(Items listed in a dataset)
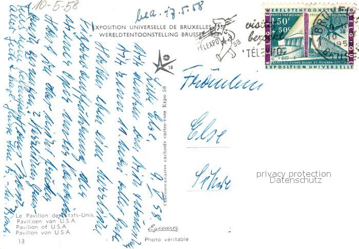 73481010 carte postale Bruxelles Bruessel Exposition Universelle Pavillon des Etats-Unis postalisch gelaufen Erhaltung siehe scans [FriedD77] KatCode: 11070021003403
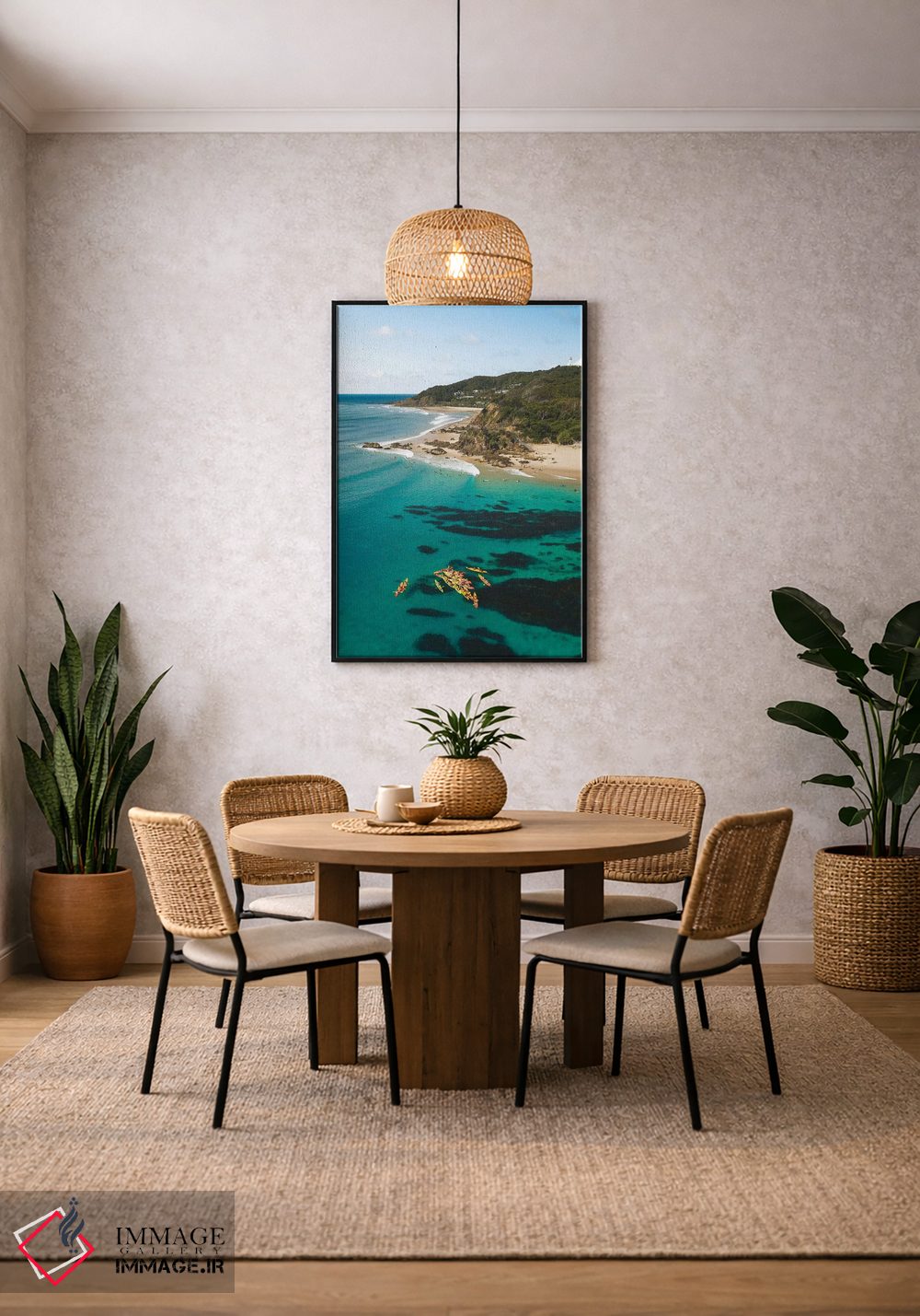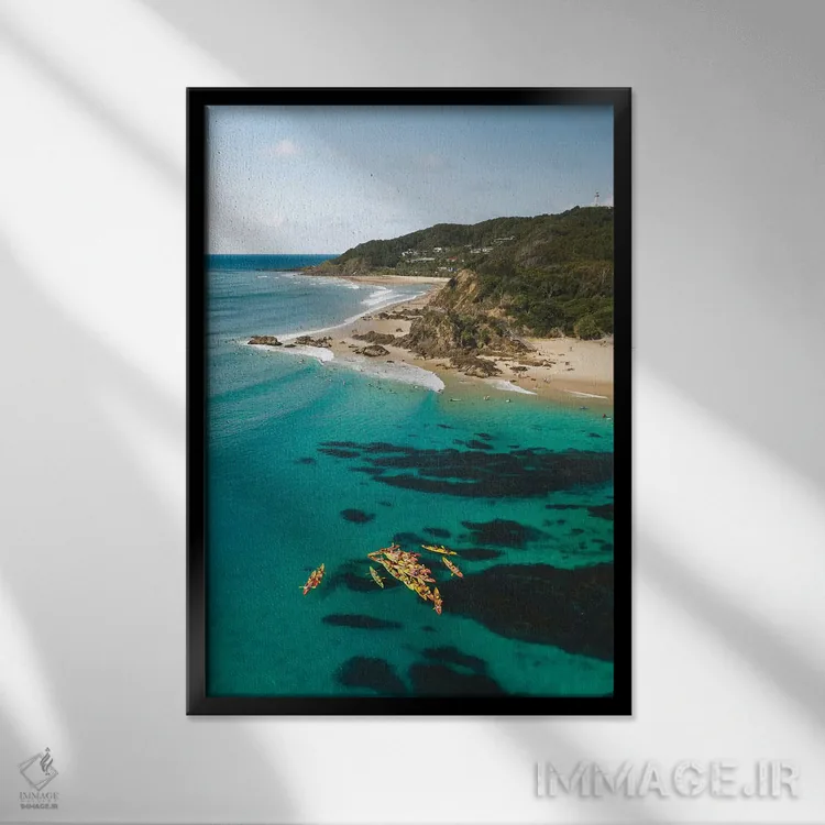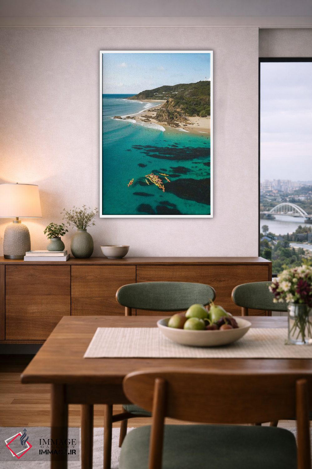 «منظرهٔ هوایی کایاکسواری در اقیانوس» اثرِ «جیمز وودیکا» میتواند سلیقهٔ صاحبخانه را بیاغراق نشان بدهد؛ برای دیوار بالای کنسول یا شومینه پیشنهاد میشود. در کنار قاب مناسب، جلوهٔ کار چند برابر میشود.
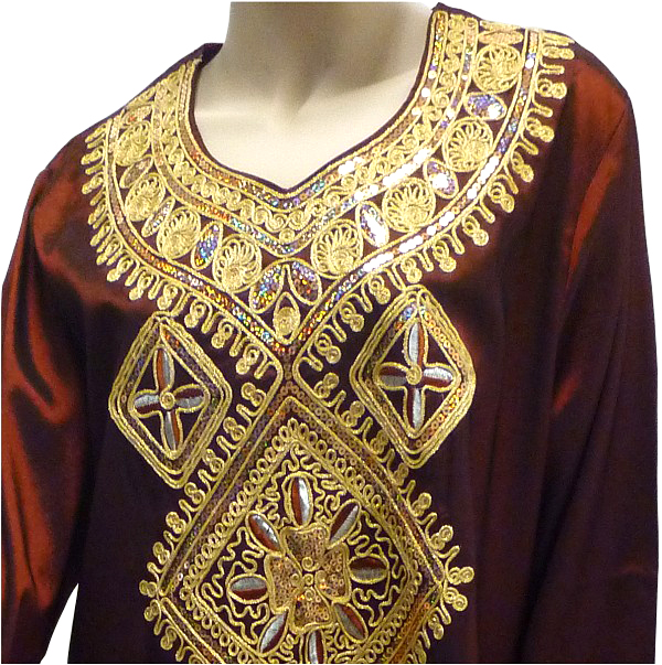 Robe de soirée couleur marron avec broderies dorées sur le devant et les manches. Tissu épais et satiné.
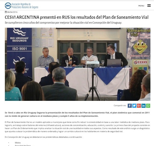 En la página web de AAPAS (Asociación Argentina de Productores Asesores de Seguros) se refleja la conferencia de prensa que se desarrolló en RUS, donde CESVI […]
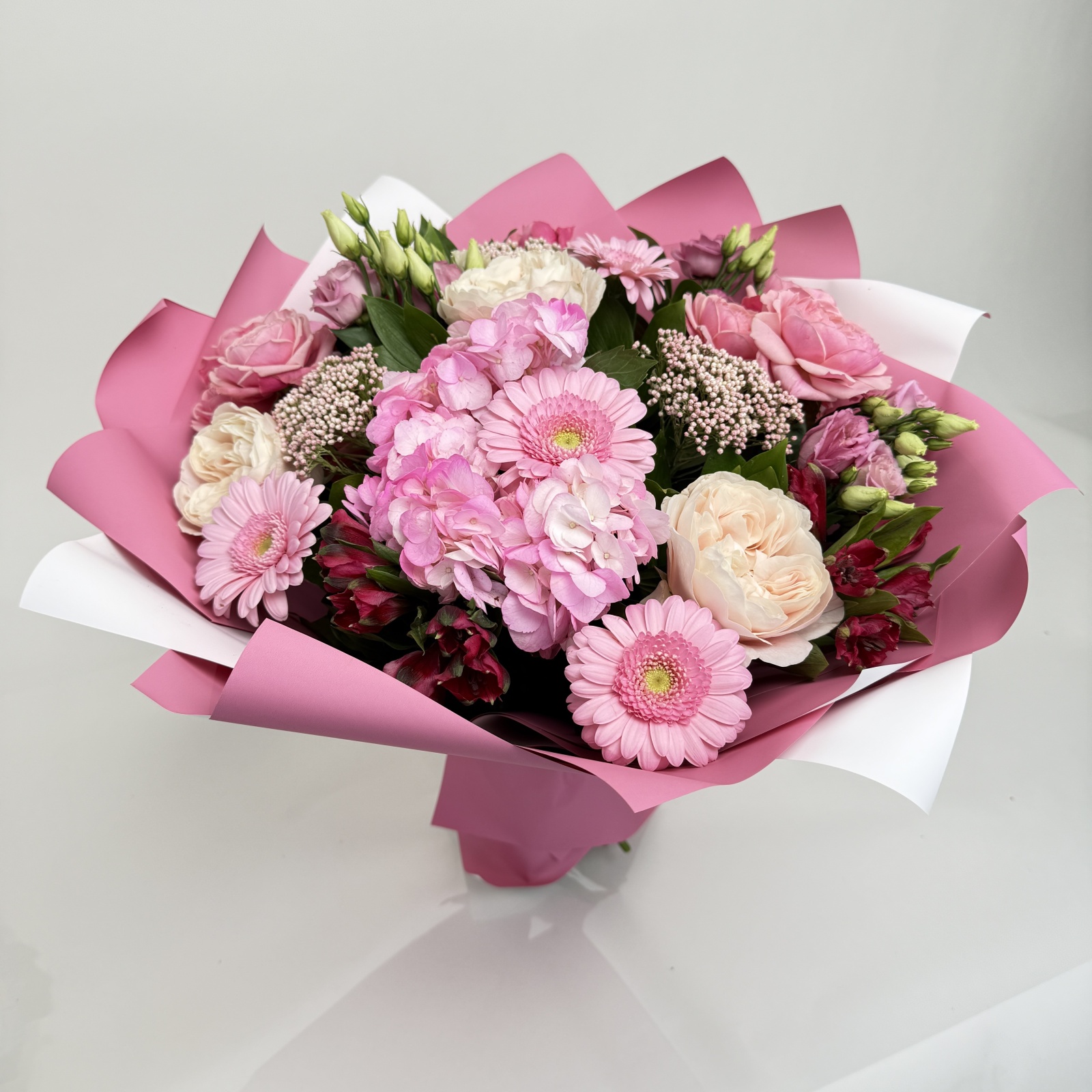 Состав: гербера 5, роза 3, альстромерия 3, роза кустовая 3, лизиантус 3, гортензия 1, рускус 0,5 и прочее. под заказ
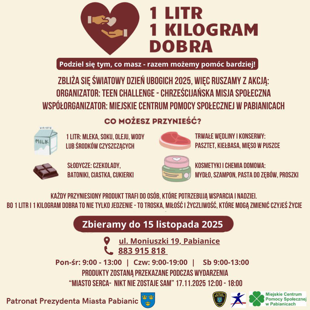 Organizatorzy przypominają, że 1 litr i 1 kilogram dobra to nie tylko jedzenie, ale także nadzieja i poczucie, że nikt nie jest sam. To prosty gest, który może realnie poprawić czyjś los.
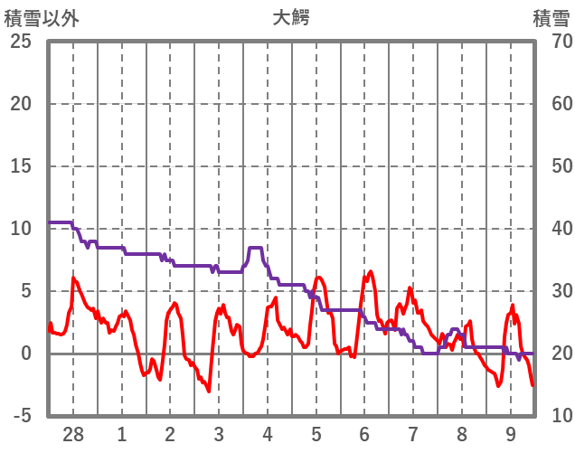 | 日 | 時 | 気温 | 降水 | 風向/風速 | 日照 | 積雪 | 降雪 |

• _Problem requirements_
In the entries above, find the line with "En la página" and the line with "Состав: гербера 5, роза". Write out exactly those two lines and every line between them, pictures excluded.

• _Exercise answer_
 En la página web de AAPAS (Asociación Argentina de Productores Asesores de Seguros) se refleja la conferencia de prensa que se desarrolló en RUS, donde CESVI […]
 Состав: гербера 5, роза 3, альстромерия 3, роза кустовая 3, лизиантус 3, гортензия 1, рускус 0,5 и прочее. под заказ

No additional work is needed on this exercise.